Born to Roar: Lions' and Tigers' Fearsome Roars Are Due to Their Unusual Vocal Cords

When lions and tigers roar loudly and deeply -- terrifying every creature within earshot -- they are somewhat like human babies crying for attention, although their voices are much deeper.

So says the senior author of a new study that shows lions' and tigers' loud, low-frequency roars are predetermined by physical properties of their vocal fold tissue -- namely, the ability to stretch and shear -- and not by nerve impulses from the brain.

"Roaring is similar to what a baby sounds like when it cries," says speech scientist Ingo Titze, executive director of the National Center for Voice and Speech, which is administered by the University of Utah. "In some ways, the lion is a large replica of a crying baby, loud and noisy, but at very low pitch."

The study of lion and tiger vocal folds and how they produce roaring -- vocalizations used by big cats to claim their territory -- was set for publication on Nov. 2, in the Public Library of Science's online journal PLoS ONE.

While the comparison was not part of the study, Titze says a baby "cries to have people come to help it. The lion uses similar attention-getting sound, but mainly to say, 'I am here, this is my territory, get out of here.'"

"In both cases, we hear loud, grating sounds that grab people's ears. When a baby cries, the sound isn't pretty. The sound is basically rough. The vibration isn't regular."

The same is true of roars by lions and tigers, and, like babies, their vocal folds (commonly called vocal cords) are "very loose and gel-like" and vibrate irregularly to make roars sound rough, Titze says. The main difference: Babies cry at a high-pitched frequency, while big cats have a low-frequency roar.

Roaring Frequency Dictated by Structure of Vocal Folds

The new study's key finding is that lions and tigers can roar loudly and deeply because their vocal folds have a flat, square shape and can withstand strong stretching and shearing. That contradicts a theory that lions roar deeply because the vocal folds are heavy with fat.

Instead, the fat helps give the vocal folds their square shape where they protrude into the airway, unlike triangular vocal folds in most species. The fat also may cushion the vocal folds and provide repair material when they are damaged, the researchers say.

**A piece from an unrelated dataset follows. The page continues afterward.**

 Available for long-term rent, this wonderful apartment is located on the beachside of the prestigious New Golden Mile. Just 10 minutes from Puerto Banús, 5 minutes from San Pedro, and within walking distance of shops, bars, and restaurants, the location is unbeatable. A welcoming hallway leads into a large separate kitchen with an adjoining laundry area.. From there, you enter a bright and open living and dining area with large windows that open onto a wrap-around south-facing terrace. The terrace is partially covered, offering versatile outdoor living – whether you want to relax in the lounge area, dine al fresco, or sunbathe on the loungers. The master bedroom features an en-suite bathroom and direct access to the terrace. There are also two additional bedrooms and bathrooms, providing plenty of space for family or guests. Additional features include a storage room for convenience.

"We were trying to correct a previous assumption that lions and tigers roar at low fundamental frequencies because they have a huge vocal folds," says study co-author Tobias Riede, a research assistant professor of biology at the University of Utah and a research associate at the National Center for Voice and Speech.

"It's true they have large vocal folds, but the shape and the viscoelastic properties [tension and shearing strength] make the roars so loud and deep," he says.

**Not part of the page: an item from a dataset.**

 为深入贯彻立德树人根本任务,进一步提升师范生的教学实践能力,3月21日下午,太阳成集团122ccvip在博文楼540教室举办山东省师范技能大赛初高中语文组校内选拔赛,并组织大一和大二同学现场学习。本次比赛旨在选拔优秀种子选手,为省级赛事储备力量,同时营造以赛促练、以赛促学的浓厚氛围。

Riede says the scientists "set out to find out the relationship between structure of the vocal folds and how they work to produce the roar in lions and tigers. We tested if the mechanical properties of the vocal folds allowed us to make predictions about the sound."

They did. Measurements of vocal fold resistance to stretching and shearing let researchers accurately predict the "fundamental frequency" ranges at which lions and tigers are known to roar, and the lung pressures needed to produce those roars.

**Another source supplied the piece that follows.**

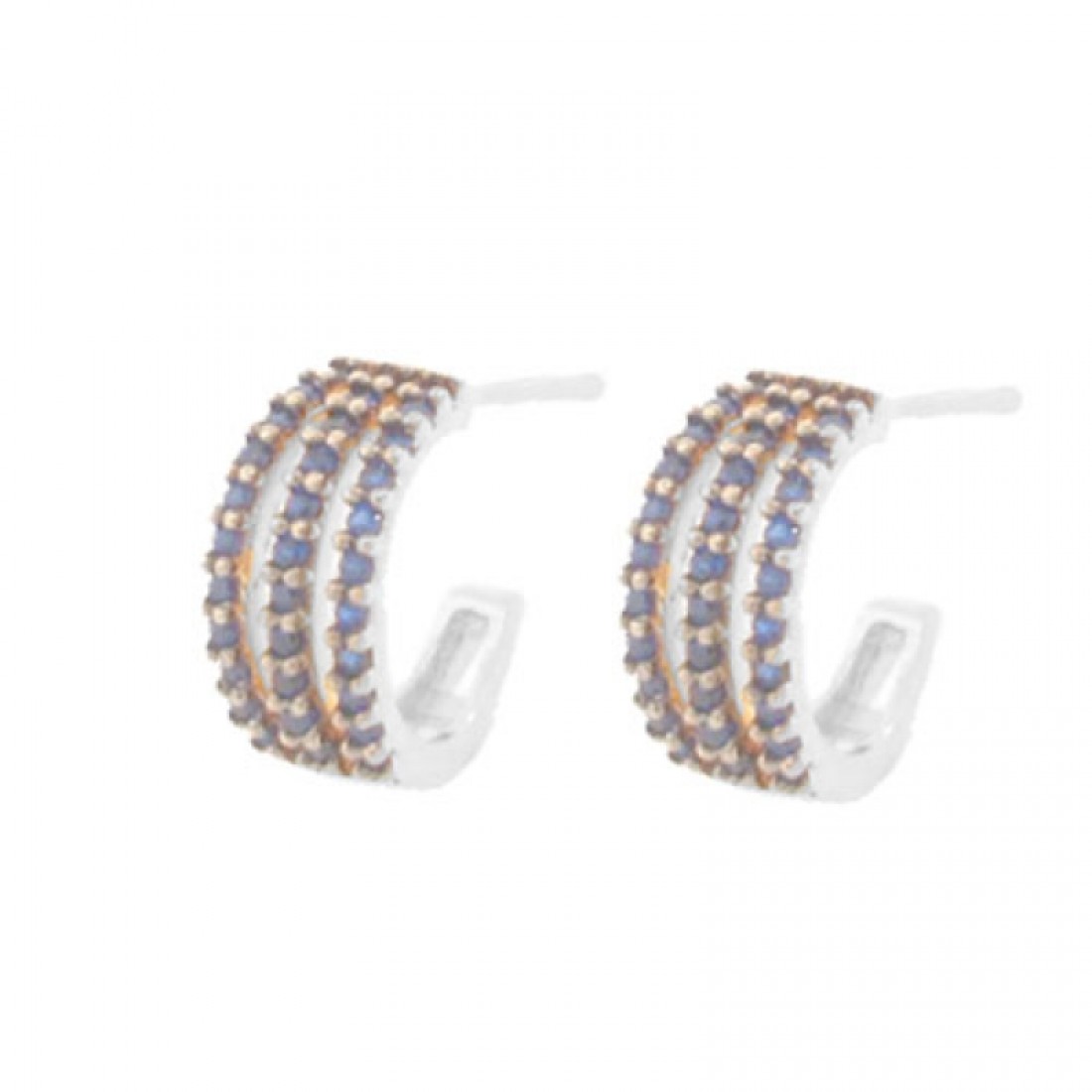 Brinco meia argola media 3 fios zirconia azul safira, prata com banho de ouro. 151570..

Titze and Riede conducted the research with first author Sarah Klemuk, an adjunct assistant professor of communication sciences at the University of Iowa; and Edward Walsh, director of auditory physiology at Boys Town National Research Hospital in Omaha, Neb. Titze is on the faculty at the University of Iowa and University of Utah, where he is a research professor of otolaryngology and medicinal chemistry. The research was funded by the National Institutes of Health and the National Science Foundation.

"We study a lot of animals -- deer, elk, dogs and cats," Riede says. "Lions and tigers are just interesting examples for very loud and low-frequency vocalization."

These studies have a practical aspect. "If you understand how vocal folds are structured and what effects that structure has on vocal production, then it could help doctors make decisions on how to reconstruct damaged vocal fold tissue" in people such as cancer patients, singers, teachers, coaches and drill sergeants, he says.